Going from Good Friendships to Great Friendships

Written By: Francesca Hendrieth

Have you ever introduced someone as a “good” friend? When evaluated, what does that really mean?

I vividly remember going to a house party surrounded by a few good friends. As I sat around watching everyone dance and talk amongst themselves, I felt the loneliest I had ever felt. On the outside, I was engaging in conversation and busting the latest dance moves but inside I felt lonely because no one around me knew the depression that I was going through deep down inside.

Ironically, my friends never seemed to ask me how I was feeling. Transparency was not part of our toxic relationship. However, I knew that if I shared the reason behind my depression with them, I would only be greeted with chastisement.

How many of us can say that our environment truly uplifts us even in our darkest hour?

When I realized that my so called “good” friends couldn't help me overcome my current state of depression, it was time to reevaluate my environment.

Establishing a healthy environment is the first step to overcoming depression. This can be done by establishing a biblical prayer life. With a new refreshed and consistent prayer life, “good” friends are replaced with “great” friends. I recalled Luke 21:36, a passage in the bible that states:

"Be sure you watch.
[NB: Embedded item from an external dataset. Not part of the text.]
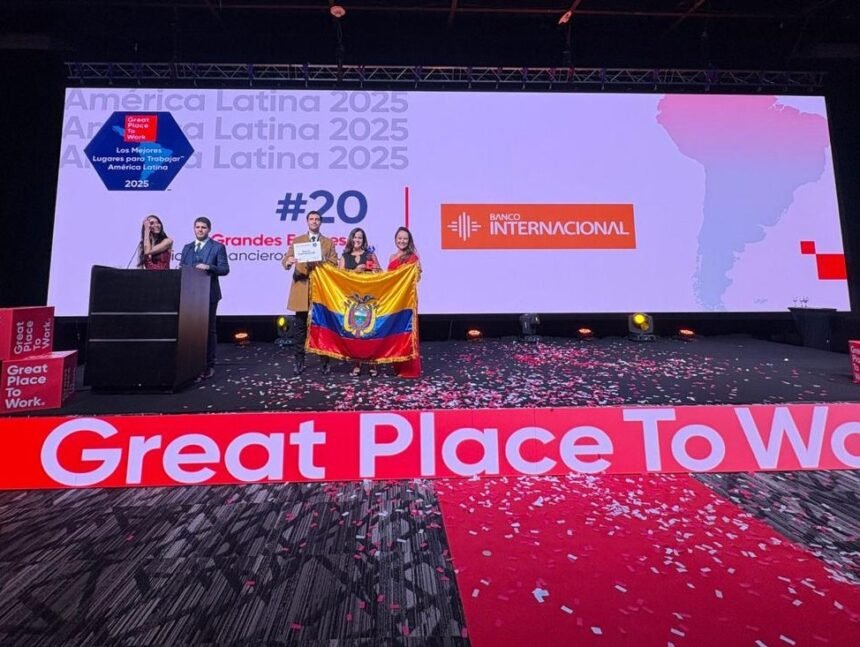 Banco Internacional alcanzó el puesto 20 en el ranking de Los Mejores Lugares para Trabajar™ en América Latina 2025 en la categoría grandes empresas, avalado por Great Place To Work® (GPTW). En esta edición, 200 organizaciones de distintos países y sectores fueron distinguidas por construir culturas laborales sólidas, centradas en el bienestar, la equidad y la mejora continua de sus colaboradores.

Pray all the time so that you may be able to keep from going through all these things that will happen and be able to stand before the Son of Man.” Luke 21:36NLV

This caused me to be more alert about who I let in my inner circle also, this made me more aware of others who needed prayer in their darkest hour.

It didn’t take long before my environment went from good to great!

Surprisingly, my friends didn't even notice that I had stopped hanging around as much. That’s how you know that your friends might really be convenient acquaintances.

They only seemed to noticed me again when everything from my job to my living looked better. This was another sign that I didn't need people who would only notice my absence when things started to look better for me.

My acquaintances quickly became replaced by the great friends who prayed for me, with me, and through my depression. Some of which are still my friends today.

In a matter of time, I didn't feel lonely in a party full of people. I came to the realization that the reason why I had felt depressed was because I had a bad habit of surrounding myself with convenient acquaintances in order to mask my depression.

When I established a better environment, I was left with a group of encouragers who wouldn't allow me to sink into any type of depression. Their constant positive motivation uplifted me out of my darkest hour and propelled me into a better life.

Therefore, don’t take take this life for granted. Afterall, God has given us a spirit of power, love, and a sound mind (2 Timothy 1:7). Let’s use this time to make a good life, a great one!